Это всё ты (СИ) - Тодорова Елена. Страница 112
Смотрю на Ю и с сожалением морщусь. Мотаю головой, мол, не хотел так говорить.Челюсти сводит, будто чего-то кислого хлебнул. Натужно тяну носом наэлектризованный воздух.
И в этот момент лицо Юнии меняется. Заметив, как скривилась, толкаю руль влево и выжимаю тормоз, чтобы освободить полосу движения и остановить машину.
Стоим практически в обочине, но я по привычке врубаю аварийку. Секунд пять ее слушаем, пока Ю окончательно не срывается.
– Моя бабушка умерла, Ян… Умерла! Пока я с тобой… Пока мы… О чем я могу думать? – скулит, хватая рывками кислород.
– Говори, – подталкиваю, понимая, что грядет настоящая истерика. – Просто скажи, Ю. Все, что думаешь, и что чувствуешь. Я приму все. Только не молчи! Не вязни в этом мраке. Одна не вязни. Давай обсудим все, как есть!
– Это… – выдыхает Ю. Но не заканчивает. Набирает с шумом воздух, прежде чем выпалить: – Все из-за меня!
– Нет, – отражаю твердо.
– Да!
Рыдая, Юния пытается вырвать руку, которую держу. Бьется и бьется плечом в дверь. Я сжимаю крепче, чтобы остановить.
– Если бы я не убежала с тобой… Бабушка была бы жива! Она из-за меня разнервничалась! Из-за меня!
– Просто от нервов люди не умирают, – проговариваю с внушительным спокойствием. Пытаюсь передать его ей. Да и сам… Расходиться не хочу. – Видимо, у нее были проблемы со здоровьем. Так совпало, что ее организм не справился именно этой ночью. Это трагическое стечение обстоятельств. Неприятно, не спорю. Но нашей вины в этом нет.

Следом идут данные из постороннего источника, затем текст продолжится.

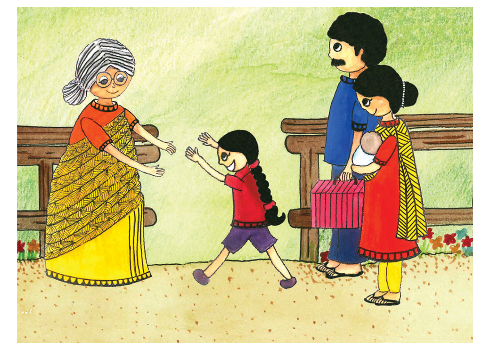
Nos gusta visitar el pueblo de Abuela.
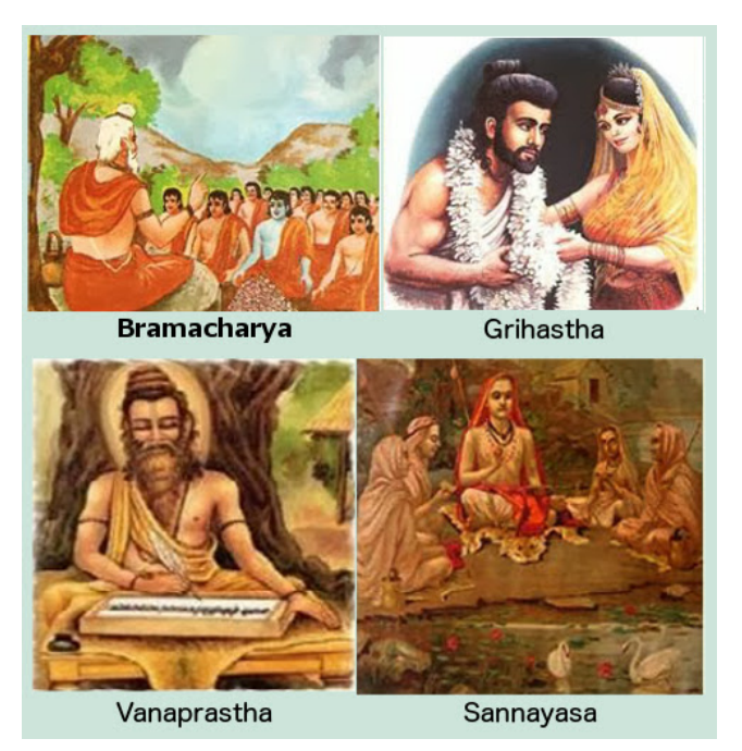
The Four Ashrams
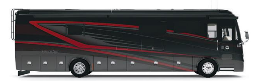
G10 FIRE OPAL
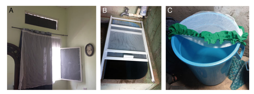
Figure 2. Curtains in windows, rectangular container cover and circular container cover. The Figure shows three intervention tools. (A) a curtain inside a household in Girardot. (B) the rectangular water container cover for rectangular or square cement containers of at least 200 L capacity; the cover is made of an aluminum frame, LLIN netting and a sliding mechanism for opening both doors. (C) the circular cover made of rubric, LLIN netting and rubber, for plastic and cement cylindrical containers that can store more than 200 L. This figure is available in black and white in print and in colour at Transactions online.
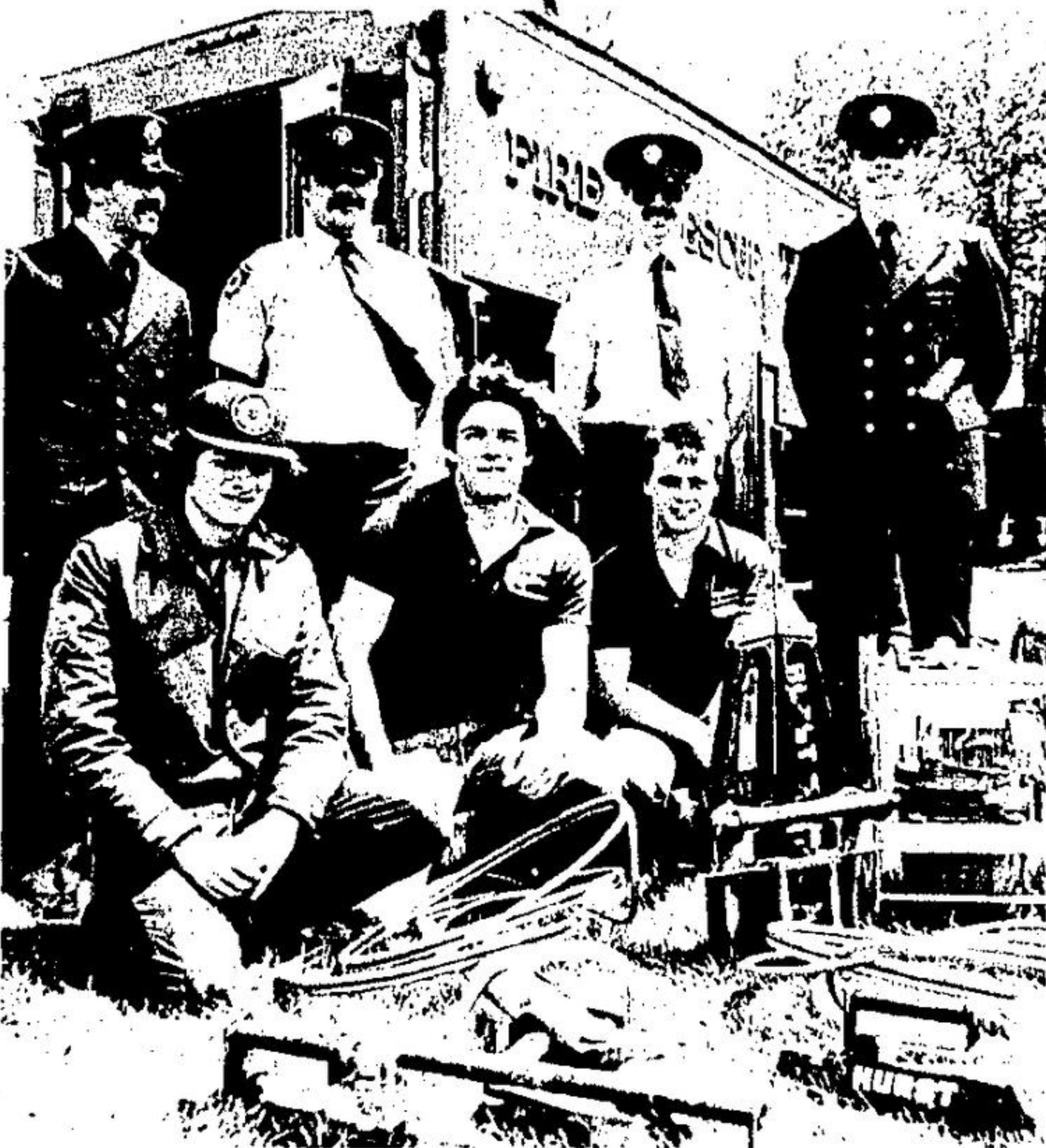
Members of the Georgetown brigade of the Halton Hills fire department were at Bang-O-Rama Monday with displays of their equipment and sound advice on fire prevention. Pictured here with the town's jaws of life rescue equipment are (front row,
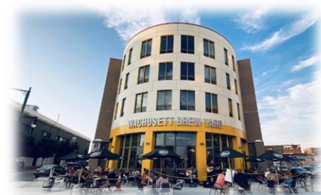
Renowned breweries & restaurants galore!
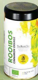
Rooibos cinnamon orange: OT/09
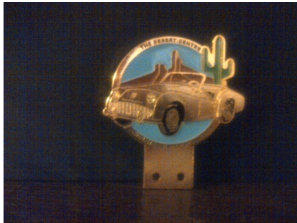
Grille badge (3 inch diameter)

We also have Grill badges ($25.00 each), Lapel pins ($5.00 each) and License plate frames (15.00 each) available for purchase.
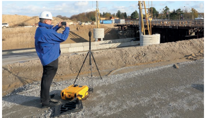
Fig. 1 Portable NMT in use on a construction site

Portable NMT Type 3655-C-DMO comes complete with tripod, router, SIM card and airtime contract, antenna, sound level calibrator and all accessories required for deployment. In addition, a smart phone App eases setup and configuration, including easy location based on GPS, as well as entering location notes and photographs. The NMT is delivered in two transport cases, one for deployment and one for the accessories. The NMT can operate off its own internal batteries for 32 hours (typical) with the router. In addition, it can operate off AC power or with external DC power.
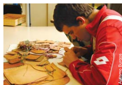
Making leather accessories in Spain.
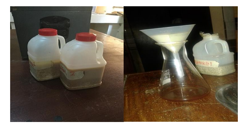
Plate 4. Soaking method process Plate 5. Filtration/clarification

in an oven dryer at a temperature of 70^{0} C. The procedure is repeated for each of the varieties. Plate 4 and 5 show the apparatus for soaking method and filtration/clarification method.
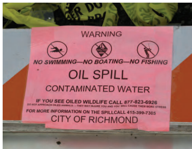
▲ Figure 15: Fishing restrictions may be imposed to protect public health and to prevent contaminated produce reaching markets after an oil spill.

For shore tanks, ponds or hatcheries, temporary suspension of water intake and re-circulation of the water already within the system may be effective to isolate stock from the threat of oil contamination. Closing sluice gates to prawn ponds, for example, can also afford short-term protection. Suspension of feeding may offer an option to avoid farmed fish and other cultivated stock coming into contact with contaminated feed if food would otherwise be distributed through a surface film of oil. The reduction or suspension of feeding has the additional advantage that the loading of waste products in the re-circulated water is reduced, but care must be taken
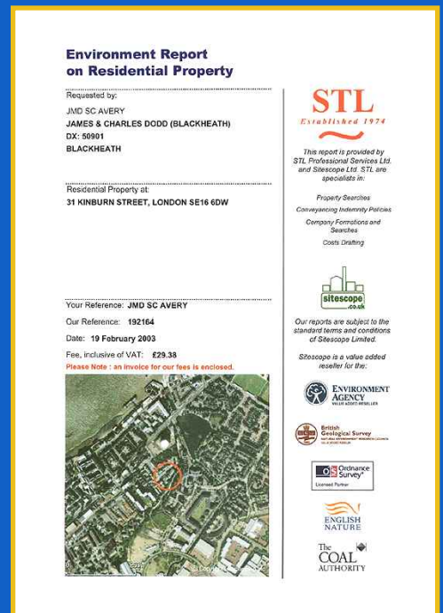
Sample report featuring aerial photography

"Feedback from our clients regarding the incorporation of aerial photos in our property searches has been very positive - the photos provide an attractive and clear guide to the site assessment, route planning and surrounding land use of any property in England and Wales."
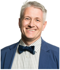
Mayor Shaun Dustin
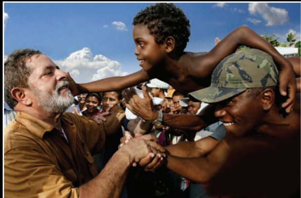
2011 World Food Prize Laureate H.E. Luiz Inácio Lula da Silva, Brazil

- H.E. Ernesto Zedillo Former President of Mexico
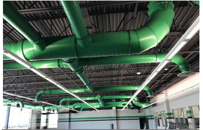
Burnet Student Activity Center
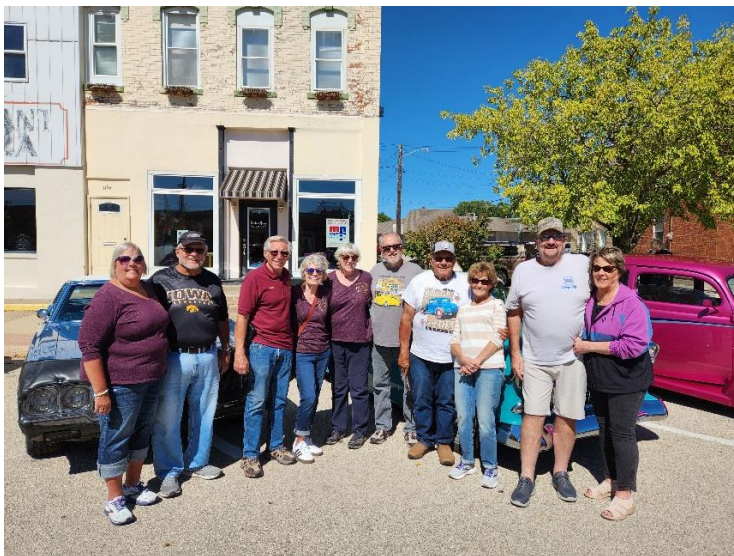
Group Picture downtown Geneseo, IL

Продолжая плакать, Ю мотает головой.
Мать вашу…
Не слышит меня.
– Неприятно??? – подвывает моя зая. – Есть, Ян… Моя вина точно есть!
– Нет же, Ю… – выдыхаю со скрипом и сразу же тянусь, чтобы обнять. Ненадолго прижимаю к груди, отстраненно отмечая, какая бойня там сейчас происходит. – Сама поймешь… Со временем, Ю. Сейчас тебе больно. Ты не можешь думать трезво.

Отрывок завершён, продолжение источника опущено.